─── Data records

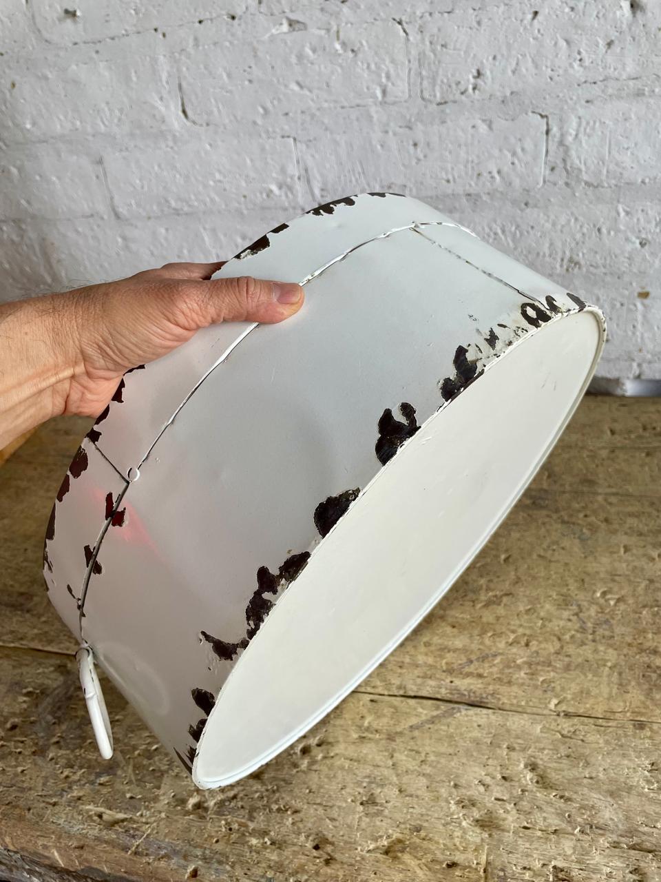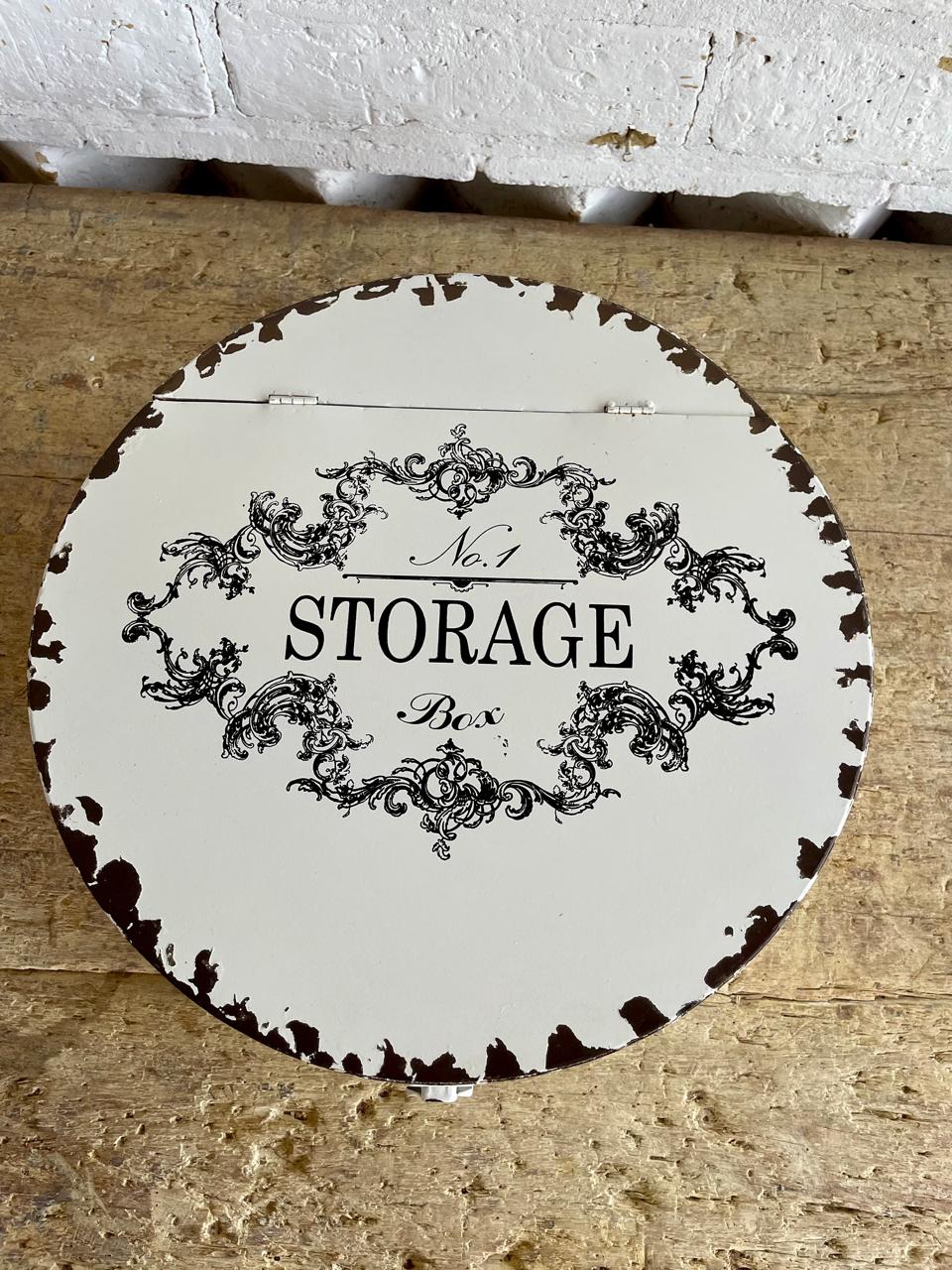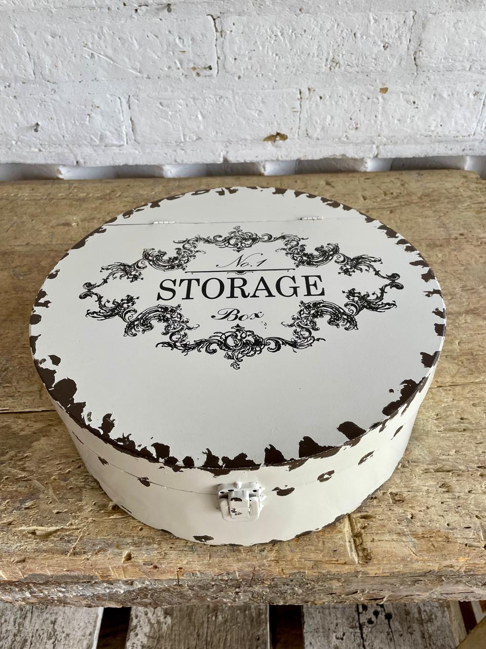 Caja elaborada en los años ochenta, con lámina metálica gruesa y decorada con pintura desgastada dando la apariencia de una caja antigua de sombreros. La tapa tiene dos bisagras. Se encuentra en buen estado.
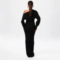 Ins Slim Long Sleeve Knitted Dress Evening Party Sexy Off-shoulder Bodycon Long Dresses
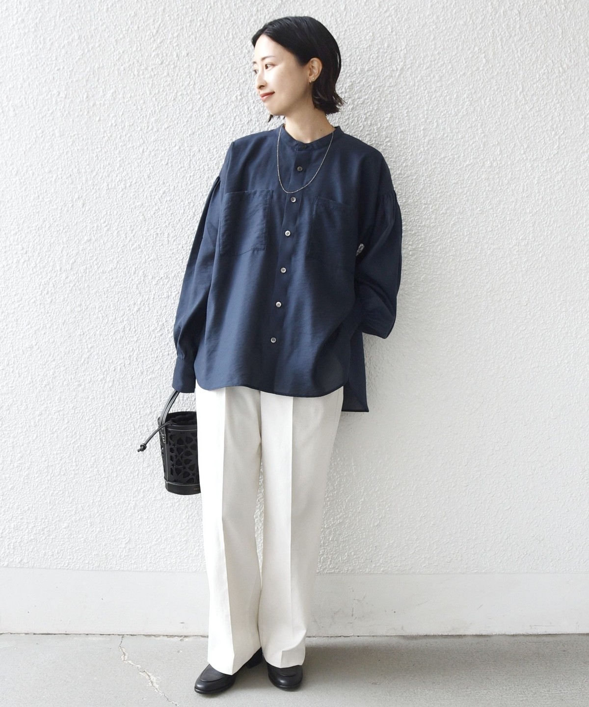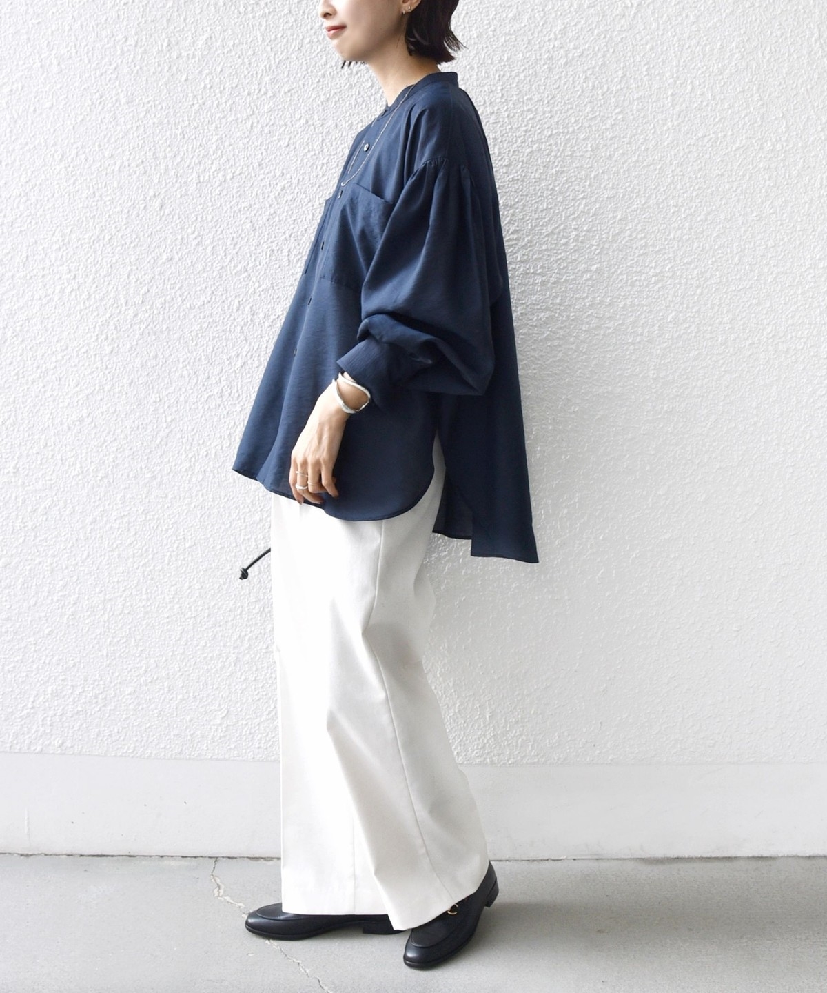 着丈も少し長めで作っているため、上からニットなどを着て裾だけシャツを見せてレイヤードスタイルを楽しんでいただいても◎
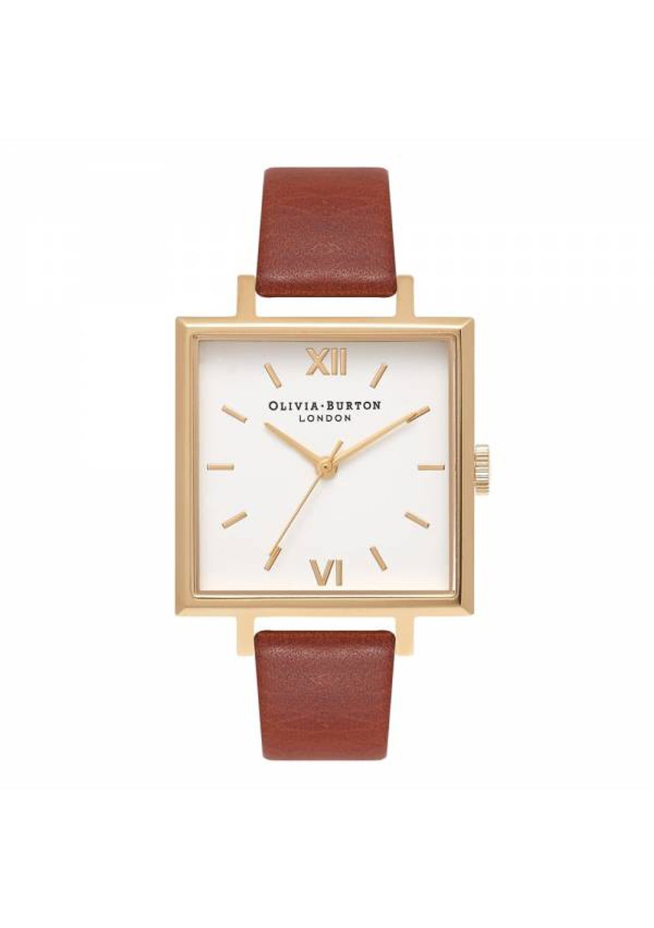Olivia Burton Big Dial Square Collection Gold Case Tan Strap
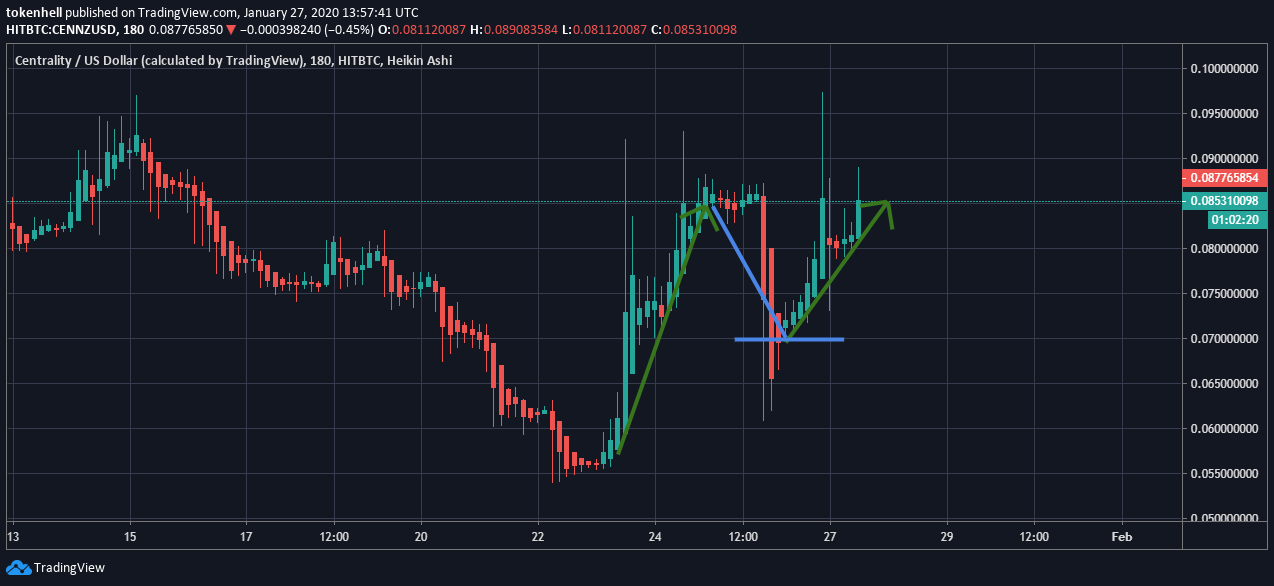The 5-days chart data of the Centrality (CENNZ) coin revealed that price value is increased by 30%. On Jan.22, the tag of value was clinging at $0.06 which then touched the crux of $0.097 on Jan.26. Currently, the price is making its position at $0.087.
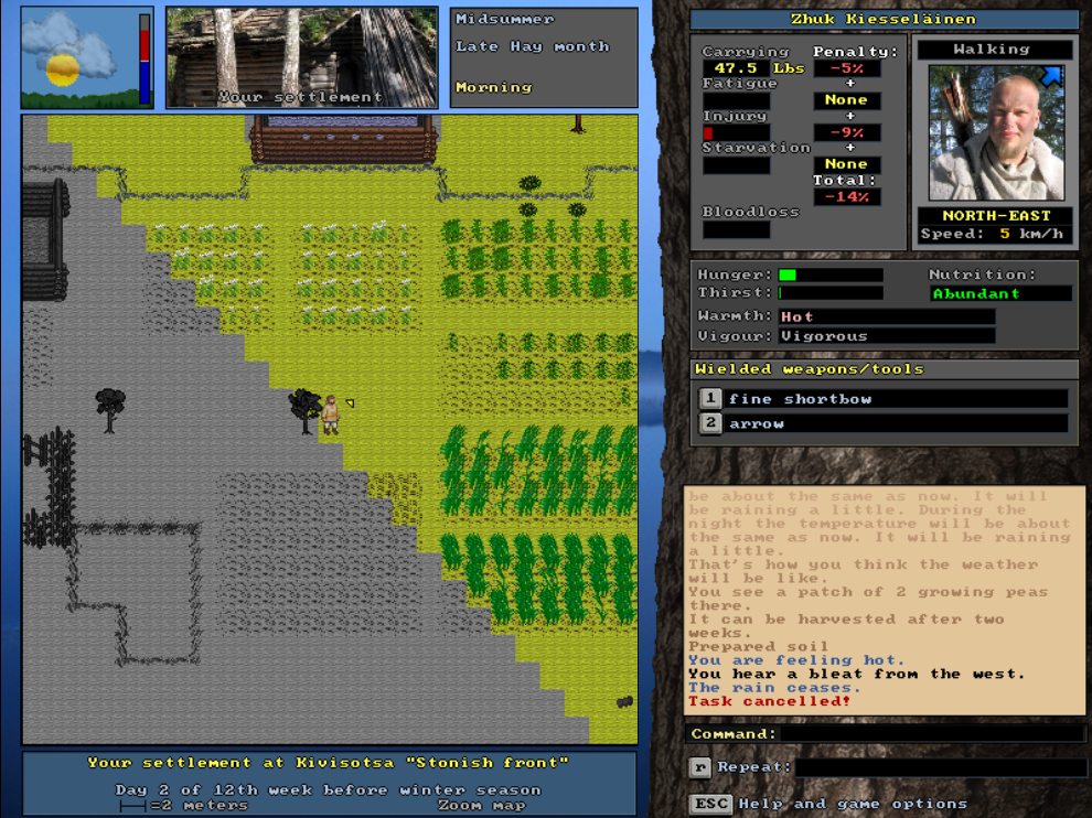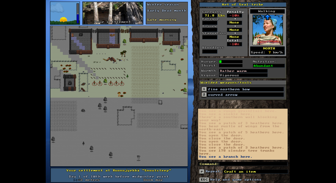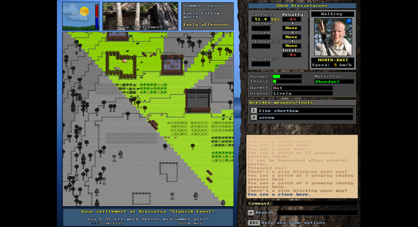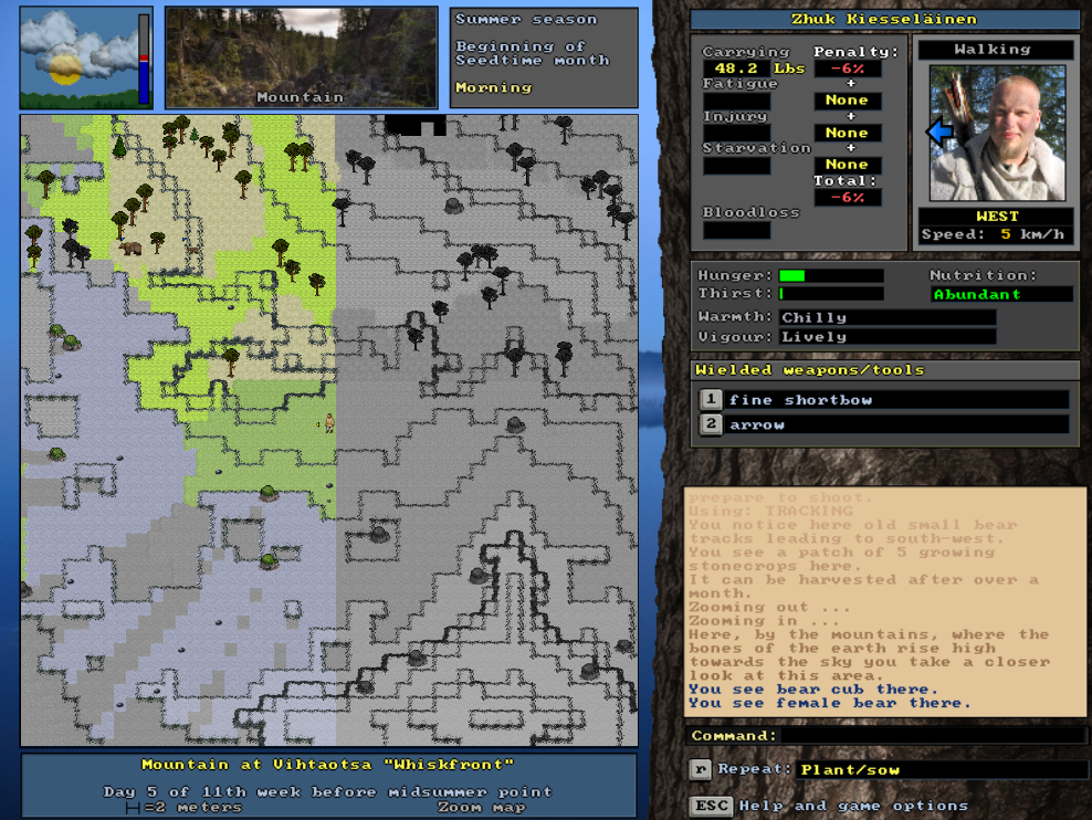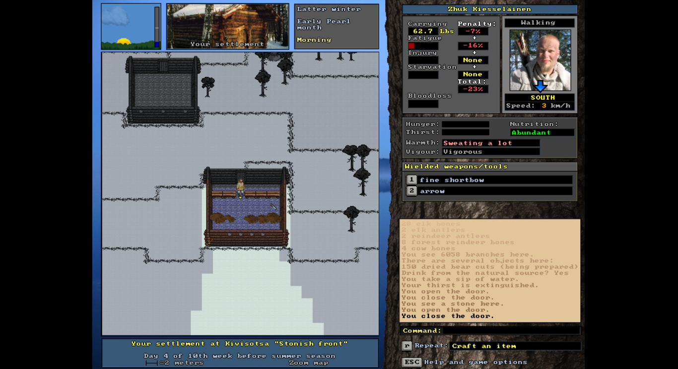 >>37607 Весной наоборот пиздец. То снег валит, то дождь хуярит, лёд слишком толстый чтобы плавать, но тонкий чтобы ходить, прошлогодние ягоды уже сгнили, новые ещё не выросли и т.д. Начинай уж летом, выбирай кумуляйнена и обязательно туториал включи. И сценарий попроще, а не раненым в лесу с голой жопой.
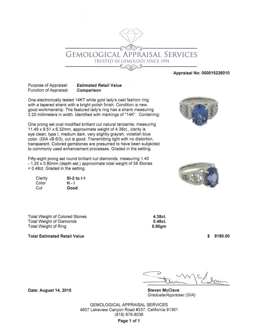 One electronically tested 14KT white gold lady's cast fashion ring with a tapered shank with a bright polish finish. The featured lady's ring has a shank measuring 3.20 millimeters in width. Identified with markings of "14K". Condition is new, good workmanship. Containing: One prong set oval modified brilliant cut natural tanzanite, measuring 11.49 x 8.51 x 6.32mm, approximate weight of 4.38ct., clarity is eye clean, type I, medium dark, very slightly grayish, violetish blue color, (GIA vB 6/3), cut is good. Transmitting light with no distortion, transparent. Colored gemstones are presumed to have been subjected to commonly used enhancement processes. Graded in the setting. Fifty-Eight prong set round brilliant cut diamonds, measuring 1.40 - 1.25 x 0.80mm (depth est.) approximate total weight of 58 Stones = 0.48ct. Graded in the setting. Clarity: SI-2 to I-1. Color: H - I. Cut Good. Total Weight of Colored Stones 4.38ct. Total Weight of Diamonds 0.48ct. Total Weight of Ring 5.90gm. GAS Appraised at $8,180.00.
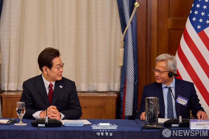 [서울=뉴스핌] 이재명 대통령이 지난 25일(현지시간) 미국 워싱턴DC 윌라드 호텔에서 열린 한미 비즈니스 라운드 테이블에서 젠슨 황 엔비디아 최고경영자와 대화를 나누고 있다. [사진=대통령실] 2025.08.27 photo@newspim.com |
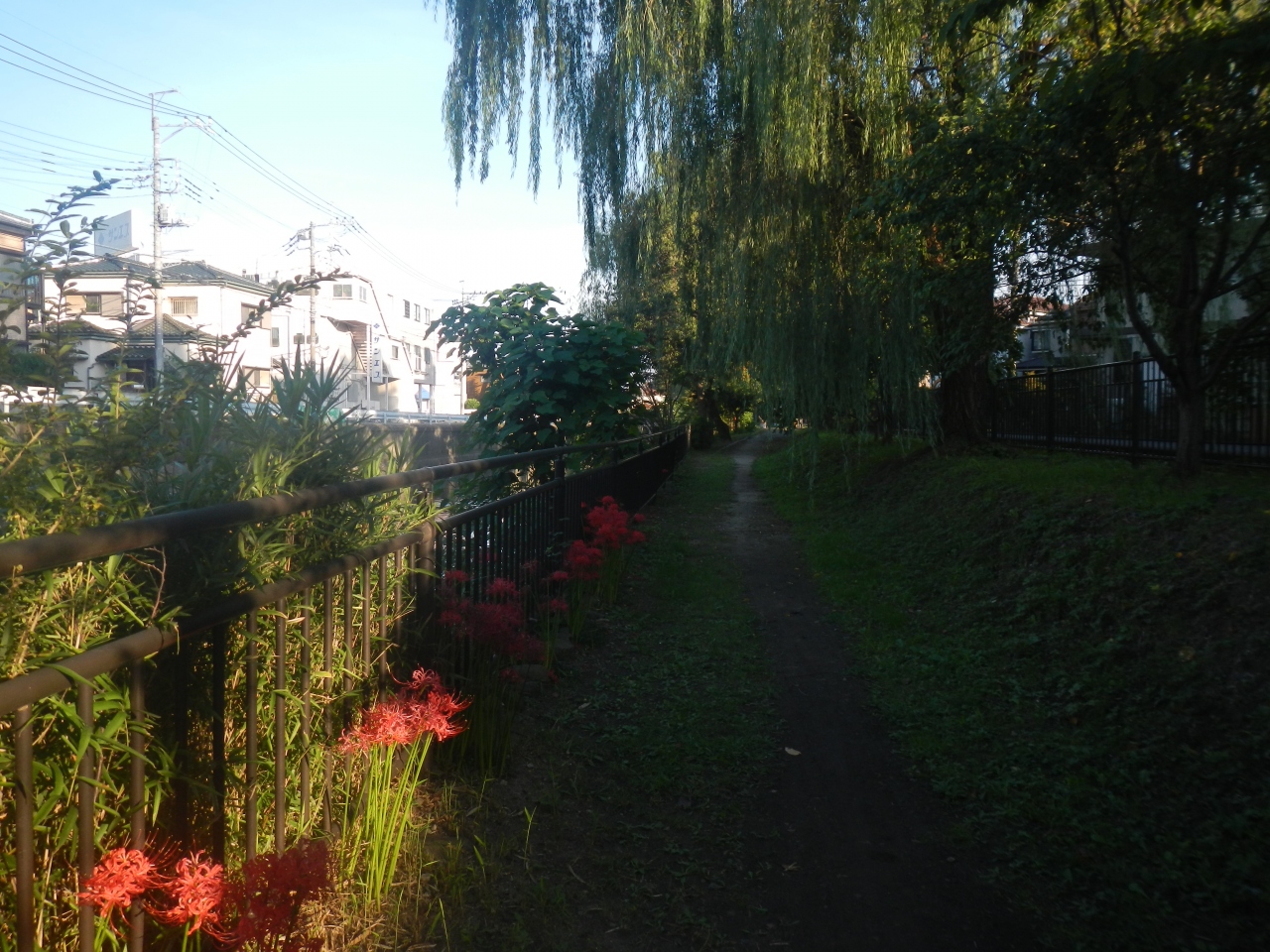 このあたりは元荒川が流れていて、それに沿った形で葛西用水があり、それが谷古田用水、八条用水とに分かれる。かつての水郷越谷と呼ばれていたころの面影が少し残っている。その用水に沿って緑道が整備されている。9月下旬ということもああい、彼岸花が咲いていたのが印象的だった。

──────

- _Assignment_: Using the data above, transcribe exactly the lines between those containing "Olivia Burton Big" and "The 5-days chart", inclusive, and leave every picture behind.

- _Solution to this task_:
Olivia Burton Big Dial Square Collection Gold Case Tan Strap
The 5-days chart data of the Centrality (CENNZ) coin revealed that price value is increased by 30%. On Jan.22, the tag of value was clinging at $0.06 which then touched the crux of $0.097 on Jan.26. Currently, the price is making its position at $0.087.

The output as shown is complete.